No documento 2009AndreaBonaUghini (páginas 32-36)

1 ADOLESCÊNCIA E VULNERABILIDADE SOCIAL

1.4 Vulnerabilidade social

Questões cruciais e sérios problemas desafiam as políticas que enfocam o desenvolvimento social, entre as quais está o crescente problema do contingente de adolescentes que se encontram em situação de vulnerabilidade social. Estes, possivelmente, são vítimas de situações precárias e das mínimas, ou nenhuma, condições para garantir uma participação ativa no processo de conquista da cidadania.

Apesar do uso histórico do termo “vulnerabilidade social”, as aproximações analíticas à vulnerabilidade social datam apenas dos últimos anos, período em que houve maior reflexão a respeito dos limites dos estudos sobre a pobreza e os escassos resultados políticos associados a esses na América Latina. (ABRAMOVAY, 2002). A autora registra:

Os primeiros trabalhos ancorados na perspectiva da vulnerabilidade social foram desenvolvidos, motivados pela preocupação de abordagem de forma mais integral e completa não somente o fenômeno da pobreza, mas também as diversas modalidades de desvantagem social. Tais obras se destinaram a observar os riscos de mobilidade social descendente e as configurações vulneráveis que não se restringiram àqueles situados abaixo da linha da pobreza, mas a toda população em geral.” (ABRAMOVAY, 2002, p. 14-15).

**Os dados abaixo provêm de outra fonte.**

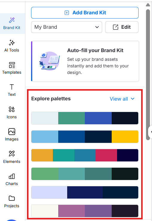 Klicken Sie auf Brand Kit in der linken Seitenleiste (oder drücken Sie Tab + Leertaste).

Ainda segundo Abramovay, esses estudos partiram da compreensão de que o fenômeno do bem estar social é dinâmico, bem como suas múltiplas divisões e causas. Pontua o fato de na América Latina a abordagem analítica da vulnerabilidade social ter acontecido por meio dos trabalhos de Caroline Moser e seu grupo do Banco Mundial e, ainda afirma que o estudo de Moser e seu grupo sobre estratégias de redução da pobreza urbana (1998) destaca o caráter dinâmico da problemática, o que, no olhar da formulação de políticas públicas, representou inovação.

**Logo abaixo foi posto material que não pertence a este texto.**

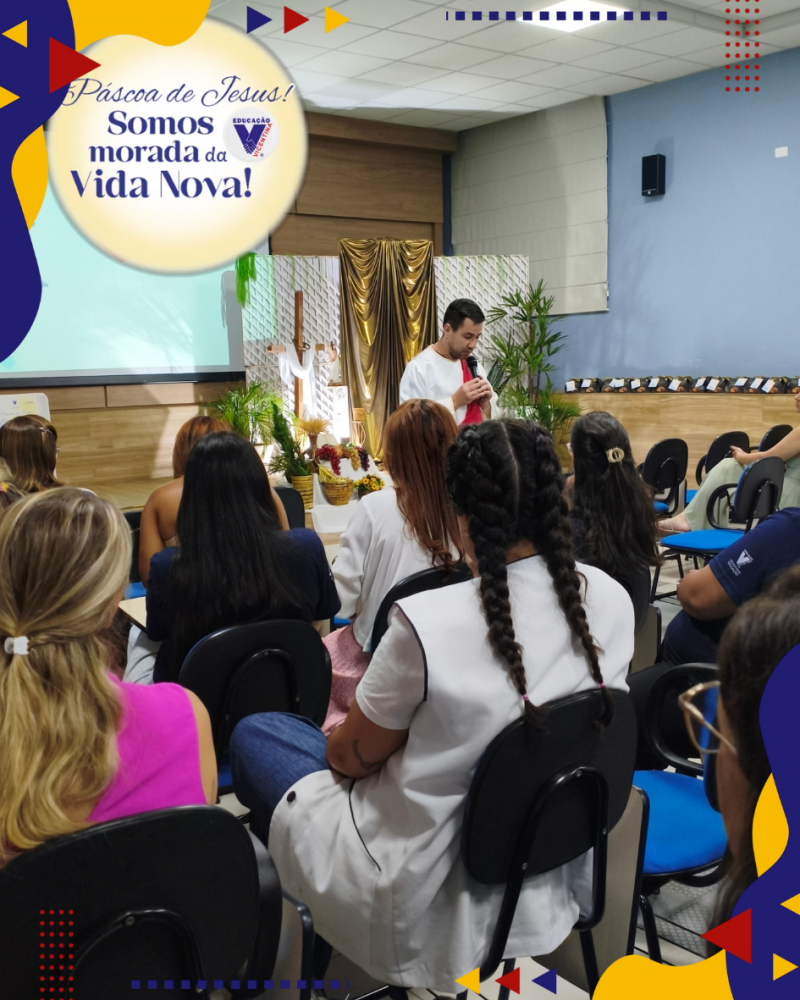 Na semana de Páscoa, nossa comunidade educativa vivenciou um momento profundo de fé, reflexão e encontro com o Ressuscitado. Em meio à rotina, fizemos uma pausa para recordar a grande verdade que sustenta nossa esperança: Jesus está vivo e deseja habitar em nós!

A partir da situação em que um conjunto de características, recursos e habilidades inerentes a um dado grupo social se revelam insuficientes, inadequados ou difíceis para lidar com o sistema de oportunidades oferecido pela sociedade, de forma a ascender a maiores níveis de bem-estar ou diminuir probabilidades de deteriorização das condições de vida de determinados atores sociais. (VIGNOLI, 2001 apud ABRAMOVAY, 2002, p. 31).

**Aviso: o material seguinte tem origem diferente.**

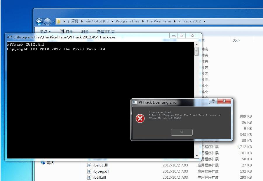 把弹出错界面最下面的ID:XXXX 复制到license.txt 里面的”hostid=“后面(替换后面的),保存到The Pixel Farm目录下
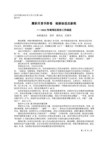 / 署名文章:2023.03.01本报通讯员肖军徐代光任素华:履职尽责书答卷砥砺奋进启新程
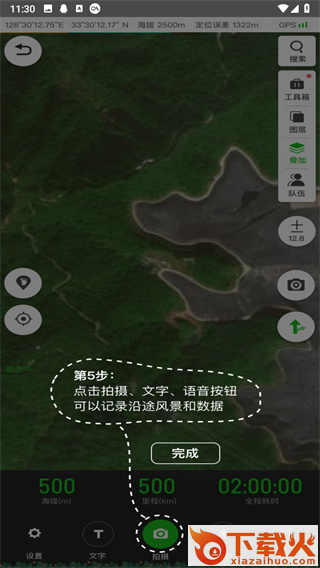 5、点击拍摄、文字、语音按钮,可以记录沿途风景和数据

Parece ser importante ressaltar o fato de Abramovay (2002) frisar que a situação relatada na citação num plano estrutural pode se expressar por uma forte inclinação ao sentimento de incerteza e insegurança por parte desses sujeitos.

Refletindo sobre o exposto, observa-se que os sentimentos gerados pelo conjunto de características que identificam a situação de vulnerabilidade social podem conduzir os sujeitos a duas possibilidades: ou conseguem ser resilientes com sua situação e potencializam formas para reagir em busca de seu bem-estar como cidadão, ou ficam apáticos com a situação e não reagem positivamente a ela, muitas vezes se encaminhando para situação pior.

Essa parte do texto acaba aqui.